Segment Open

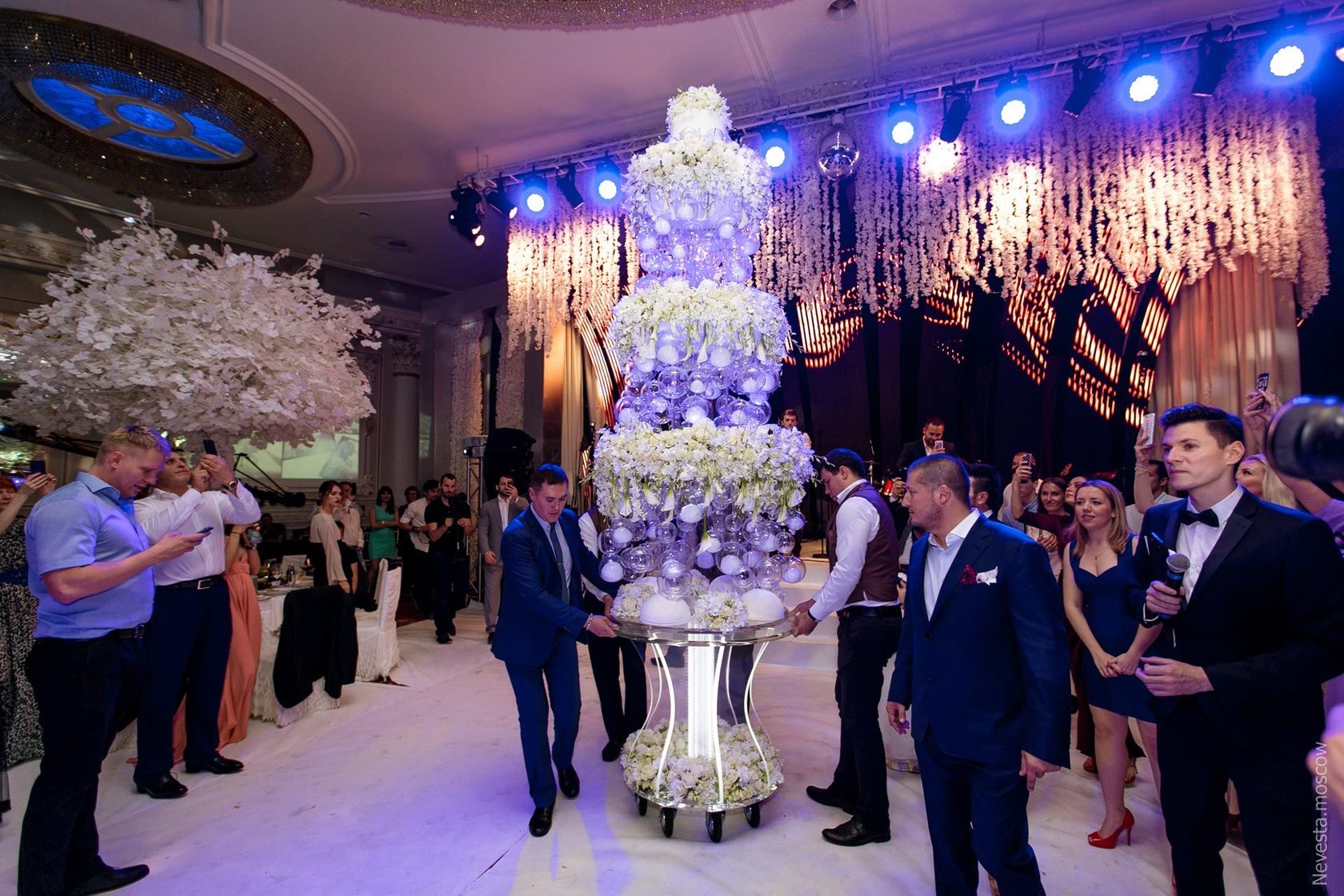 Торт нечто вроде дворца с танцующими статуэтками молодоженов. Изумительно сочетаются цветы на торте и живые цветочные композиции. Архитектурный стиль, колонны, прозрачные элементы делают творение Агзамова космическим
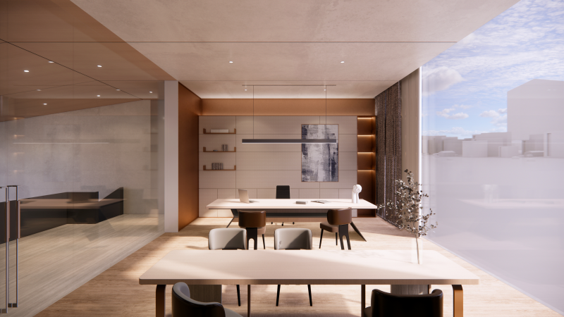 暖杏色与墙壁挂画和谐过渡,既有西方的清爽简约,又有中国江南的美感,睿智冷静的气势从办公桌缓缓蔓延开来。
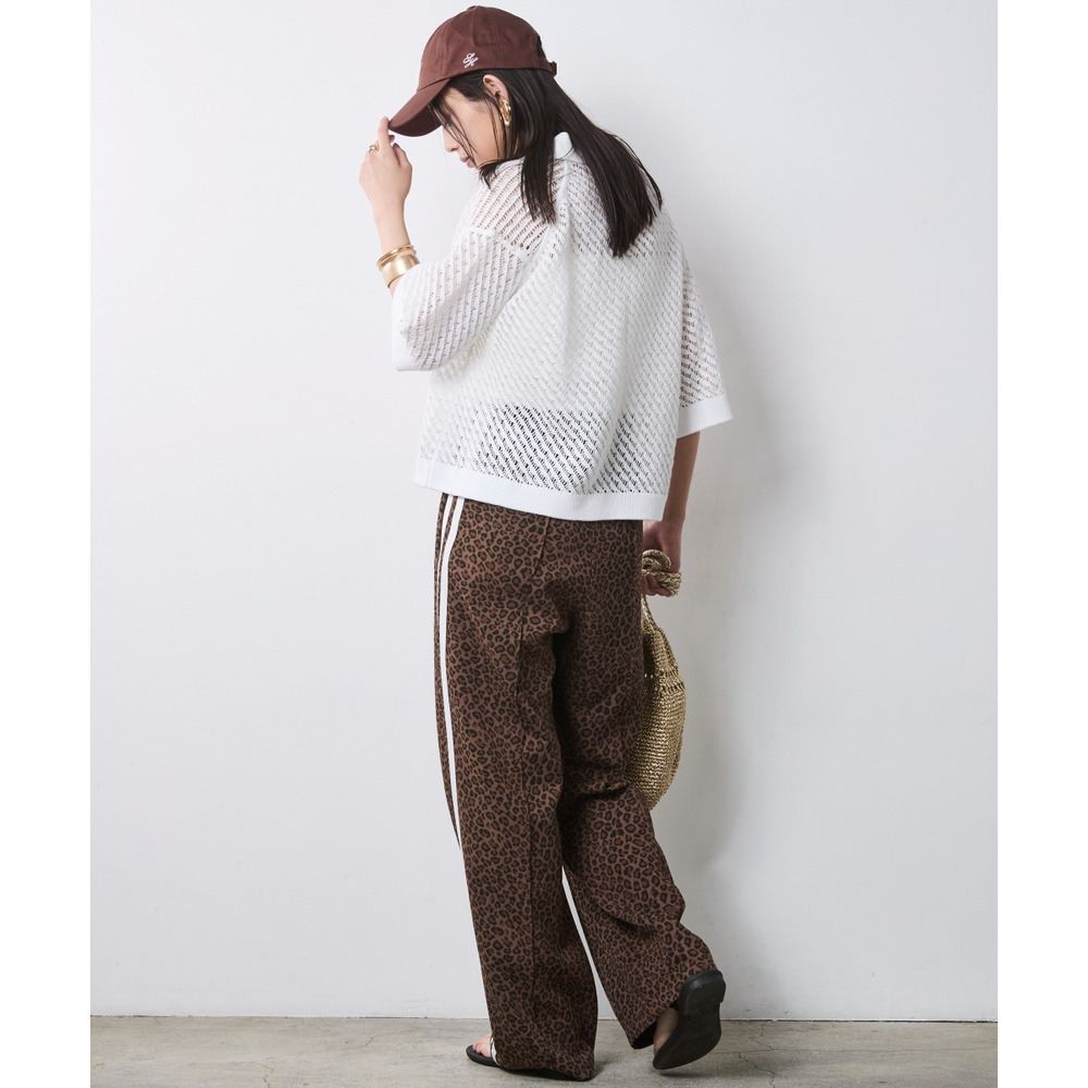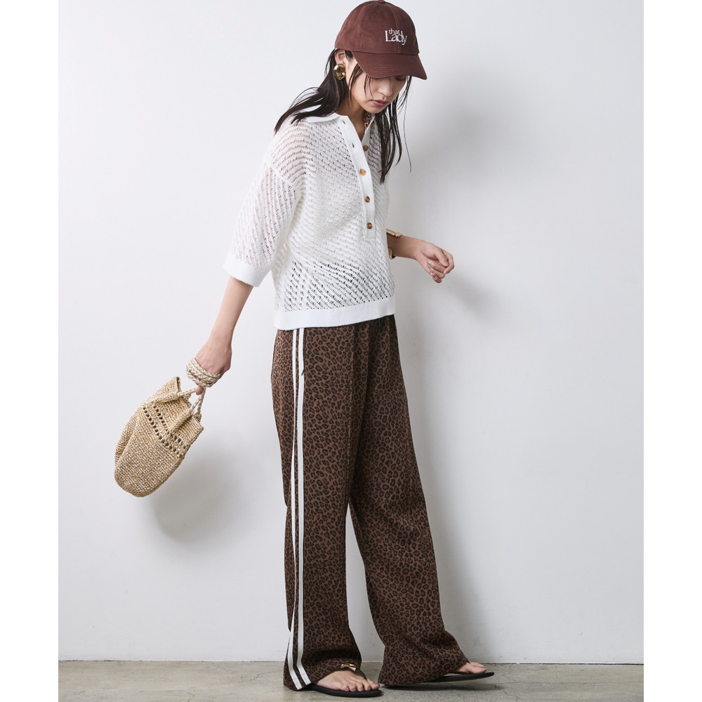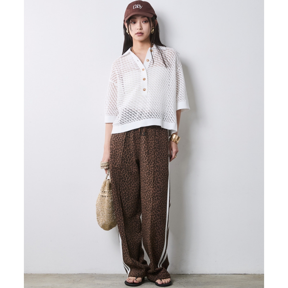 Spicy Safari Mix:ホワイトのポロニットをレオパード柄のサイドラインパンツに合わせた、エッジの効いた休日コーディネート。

Segment Closed
Segment Open

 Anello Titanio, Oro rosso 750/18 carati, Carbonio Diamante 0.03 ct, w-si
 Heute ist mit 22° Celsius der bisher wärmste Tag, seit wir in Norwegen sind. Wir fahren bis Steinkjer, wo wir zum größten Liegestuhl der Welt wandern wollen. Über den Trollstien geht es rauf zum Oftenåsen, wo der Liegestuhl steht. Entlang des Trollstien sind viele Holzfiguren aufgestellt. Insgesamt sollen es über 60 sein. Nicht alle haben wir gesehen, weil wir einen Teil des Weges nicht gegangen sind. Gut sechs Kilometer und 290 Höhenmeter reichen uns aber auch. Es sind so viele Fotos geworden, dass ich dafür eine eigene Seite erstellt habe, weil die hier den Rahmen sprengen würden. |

Segment Closed

**What to produce**
Give only the lines from the one holding "Anello Titanio, Oro" through the one holding "Heute ist mit", each restated exactly as it appears above.

**Response to this task**
 Anello Titanio, Oro rosso 750/18 carati, Carbonio Diamante 0.03 ct, w-si
 Heute ist mit 22° Celsius der bisher wärmste Tag, seit wir in Norwegen sind. Wir fahren bis Steinkjer, wo wir zum größten Liegestuhl der Welt wandern wollen. Über den Trollstien geht es rauf zum Oftenåsen, wo der Liegestuhl steht. Entlang des Trollstien sind viele Holzfiguren aufgestellt. Insgesamt sollen es über 60 sein. Nicht alle haben wir gesehen, weil wir einen Teil des Weges nicht gegangen sind. Gut sechs Kilometer und 290 Höhenmeter reichen uns aber auch. Es sind so viele Fotos geworden, dass ich dafür eine eigene Seite erstellt habe, weil die hier den Rahmen sprengen würden. |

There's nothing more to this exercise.